A EBC é a Empresa Brasil de Comunicação, uma estatal vinculada à Secretaria de Comunicação Social (Secom) da Presidência da República. Nela trabalham cerca de 2.500 funcionários e, só em 2016, deverá custar aos cofres públicos algo em torno de R$ 550 milhões.
Como o nome já anuncia, a EBC faz e veicula programas de rádio e televisão, além de difundir notícias na internet. É ela que produz, por exemplo, o horário do Poder Executivo da “Voz do Brasil” (entre 19 horas e 19h20), o mais antigo, mais retransmitido (a retransmissão é obrigatória por lei) e menos escutado programa de rádio do Brasil. São dela a TV Brasil e algumas emissoras de rádio, como as históricas Rádio MEC e Rádio Nacional do Rio de Janeiro, além da Agência Brasil.
Agora, a EBC foi jurada de morte. Como, além de não dar lucro, também não dá audiência, está na mira do governo interino de Michel Temer. Ou vai virar uma agência governamental de porte modesto ou vai sair de cena. O mais provável é que venha por aí uma combinação das duas alternativas.
Será uma pena. Os assessores de Michel Temer têm razão em metade do diagnóstico: do jeito que está, a EBC é uma estrutura grande demais para benefício público quase nenhum. É pesada, perdulária, morosa e, ao longo do tempo, acomodou-se à função de propagar proselitismo governista. Disso que aí está, realmente, a sociedade brasileira não precisa.

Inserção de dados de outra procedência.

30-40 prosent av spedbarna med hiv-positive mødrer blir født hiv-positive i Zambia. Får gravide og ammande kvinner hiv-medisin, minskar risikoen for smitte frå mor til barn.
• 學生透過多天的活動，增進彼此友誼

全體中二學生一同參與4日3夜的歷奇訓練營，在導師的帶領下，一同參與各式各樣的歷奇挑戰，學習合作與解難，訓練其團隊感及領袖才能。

Na outra metade do diagnóstico, estão completamente errados. Eles não se deram conta de que a democracia brasileira precisa de um sistema de comunicação não comercial bem estruturado – e independente, tanto do governo como do mercado. Nisso não vai nenhuma originalidade. Os Estados Unidos e os mais influentes países europeus contam com sistemas desse tipo há várias décadas.
Nos Estados Unidos, as rádios públicas se associam à NPR (a National Public Radio), um complexo que rende boa audiência com programas de qualidade jornalística reconhecida mundialmente. Em televisão, os americanos contam com as emissoras do PBS (Public Broadcasting Service), de excelência provada e comprovada. França, Alemanha, Canadá, Espanha, Portugal e Reino Unido, entre outros países, dispõem de modelos equivalentes, todos públicos e todos independentes do governo e dos anunciantes.

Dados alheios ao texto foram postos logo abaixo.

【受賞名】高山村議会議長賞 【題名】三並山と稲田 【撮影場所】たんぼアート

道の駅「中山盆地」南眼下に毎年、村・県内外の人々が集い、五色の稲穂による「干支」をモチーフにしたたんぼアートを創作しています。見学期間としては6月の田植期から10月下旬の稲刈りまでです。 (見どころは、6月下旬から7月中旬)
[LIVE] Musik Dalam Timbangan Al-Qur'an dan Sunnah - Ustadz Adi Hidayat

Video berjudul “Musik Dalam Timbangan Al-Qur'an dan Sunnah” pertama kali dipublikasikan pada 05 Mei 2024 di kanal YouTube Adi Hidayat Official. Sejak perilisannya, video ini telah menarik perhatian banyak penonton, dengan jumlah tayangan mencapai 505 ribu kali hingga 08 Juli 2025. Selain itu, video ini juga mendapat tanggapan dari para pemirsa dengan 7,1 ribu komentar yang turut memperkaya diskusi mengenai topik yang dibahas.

O Brasil ficou para trás nesse quesito. Agora surge uma oportunidade rara de sanar o atraso. Essa oportunidade consiste em transformar o complexo da EBC num polo verdadeiramente público, e não mais estatal-governamental, para criar no país um embrião nacional de um sistema que não seja contaminado pelo proselitismo governista, pela propaganda religiosa (que virou uma praga na televisão e no rádio do Brasil) e pela publicidade comercial.
A EBC tem potencial para isso. Ela não é um mal em si. O mal que existe dentro dela é o governismo, que gerou ineficiência, corporativismo e baixa audiência. Com sua natureza jurídica de empresa pública federal, é comandada por um Conselho de Administração cujos integrantes, em sua quase totalidade, são diretamente nomeados pela Presidência da República e pelos principais ministérios. O Conselho de Administração é quem dá as cartas. O diretor-presidente também é nomeado pela Presidência. O fato de ele ter um mandato legal de quatro anos (pela lei, não pode ser demitido antes disso) dá a impressão que é independente, mas não é. O Conselho de Administração pode sufocá-lo no dia a dia e o governo de turno, se quiser, pode propor medidas no Congresso e no Supremo Tribunal Federal para afastá-lo ou para neutralizá-lo. É o que o governo Temer vem fazendo com o atual presidente da EBC, Ricardo Melo, que foi nomeado nos estertores do governo Dilma.
Essa pendenga é tola e vã. Nem o mandato do diretor-presidente garante autonomia à EBC (pois quem controla de fato a empresa é o Conselho de Administração, totalmente atrelado ao Poder Executivo), nem sua destituição tornará a EBC menos governista. Trocar o presidente não mudará a natureza da instituição, apenas trocará um governismo por outro. Se quisesse aposentar o velho padrão e acabar com o aparelhismo, Temer deveria não fechar, mas mudar a EBC em dois aspectos centrais. Primeiro, deveria transformá-la numa fundação, que seria comandada por um Conselho com representantes da sociedade (não mais do governo). Depois, deveria desvinculá-la da Presidência da República e ligá-la ao Ministério da Cultura, mas sem subordinação ao ministro.
Isso faria toda a diferença. Fechar a EBC sem mais nem menos é desperdiçar uma grande oportunidade para a democracia brasileira.
Fonte: “Época”, 2 de agosto de 2016.